As many as a dozen groups have begun aggregating residential and commercial-industrial consumers under a law that allows alternative electricity providers to take over utility customers. In addition, retail providers and large commercial buyers are seizing the moment and urging lawmakers to extend the opportunity for the direct purchase of electricity by consumers outside such aggregations.

Between the two, California’s investor-owned utilities (IOUs) could have less than 20% of their retail sales left by the mid-2020s if regulatory challenges and legislative votes go in favor of customer choice. Until those challenges and votes are resolved, energy procurement is nearly at a standstill and questions about enforcement of California energy policy are growing.

Many say this disruption from multiplying power providers in California could put the state’s nation-leading achievements in decarbonization, affordability and reliability at risk.

The disruption and risks from proliferating energy providers were the key focus of a June 22 forum on customer choice with members of the California Public Utilities Commission (CPUC) and the California Energy Commission (CEC) alongside representatives of community choice aggregations (CCAs) and energy service providers (ESPs).

The two big questions on risk

ESPs market power directly to commercial and industrial (C&I) buyers while CCAs are municipally-backed electricity providers authorized by California law to take on utilities’ customers. Along with investor-owned utilities, they are collectively known as load serving entities (LSEs).

To get at the question about impacts on California’s environmental and reliability progress, regulators at the meeting asked two specific questions about the growing disruption’s risks.

The first focused on California’s resource adequacy (RA) needs. It is not clear if the fast-multiplying but disaggregated CCA, ESP, and incumbent utility LSEs can take on the extra burden and cost of underserved regions.

The other question was how to manage customers moving between LSEs in search of the best deal. Until now, IOUs acted as providers of last resort (POLRs). But they are losing revenues to new competitors.

CCAs and ESPs could be serving 85% of California’s electricity customers by the mid-2020s, according to a 2017 CPUC white paper. With 15% of their customer base left, IOUs would not have the financial resources to be POLRs. But the new LSEs’ business models may not suitable to serving needs beyond their own customer bases.

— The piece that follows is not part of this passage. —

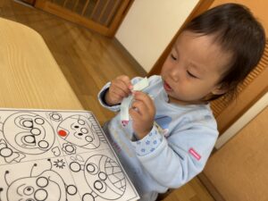その自由さが1歳児らしくてとってもかわいかったのですが、ちょっとだけレベルアップして「丸の枠の中に貼る」という、小さな挑戦を!!
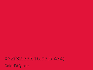 XYZ 32.335,16.93,5.434 Color is a normal red color and the nearest color is Crimson #dc143c. Hex code #e21339 and RGB value is rgb(226,19,57). In RGB color space, this color is composed of 89% red, 7% green, 22% blue, In CMYK color space, this color is composed of 0% cyan, 92% magenta, 75% yellow , 11% black , In HSL color space, this color has a hue angle of 349° , 84% saturation and 48% lightness.

In one panel, CPUC President Michael Picker told Sonoma Clean PowerCCA executive Deb Emerson that the answers of CCAs and ESPs to meet the state’s RA and POLR needs were “whistling past the graveyard.”

She replied that CCAs need more cooperation from the commission.

It is not simply CCAs, Picker responded. The CPUC had eleven requests from all types of LSEs in 2017 to be excused from RA obligations and that seems to put customer needs at serious risk.

The Green Book

The CPUC raised these concerns in a white paper released May 7: “California Customer Choice; An Evaluation of Regulatory Framework Options for an Evolving Electricity Market.” The “fragmented decision-making” of dozens of new power providers responding to rising demand for customer choice could put the state’s standards and electricity customers at risk, it reported.

The CPUC white paper was subtitled the “Green Book” to remind stakeholders of the 1990s “Blue Book,” which mapped out changes in California’s energy sector that led to the state’s 2000-2001 energy crisis. Energy sector turmoil in 2017-2018 could be an “early warning sign” of a new energy crisis, the Green Book said.

One concern highlighted by the Green Book is that poorly coordinated procurement of resources needed to ensure reliability is undermining the RA standard put in place after the energy crisis.

Another is the lack of preparation for customers “stranded without service if their electric provider fails.” During the energy crisis, Pacific Gas and Electric (PG&E) and Southern California Edison (SCE), the state’s two dominant electricity providers, faced financial disaster when customers stranded by an imploding retail market unexpectedly returned.

Advocates for customer choice do not believe their movement represents a threat.

In the California Community Choice Aggregation (CalCCA) filing for the conference, the advocacy organization recommended the CPUC “remove comparisons between the growth of CCAs and the lead-up to California’s 2000 energy crisis.”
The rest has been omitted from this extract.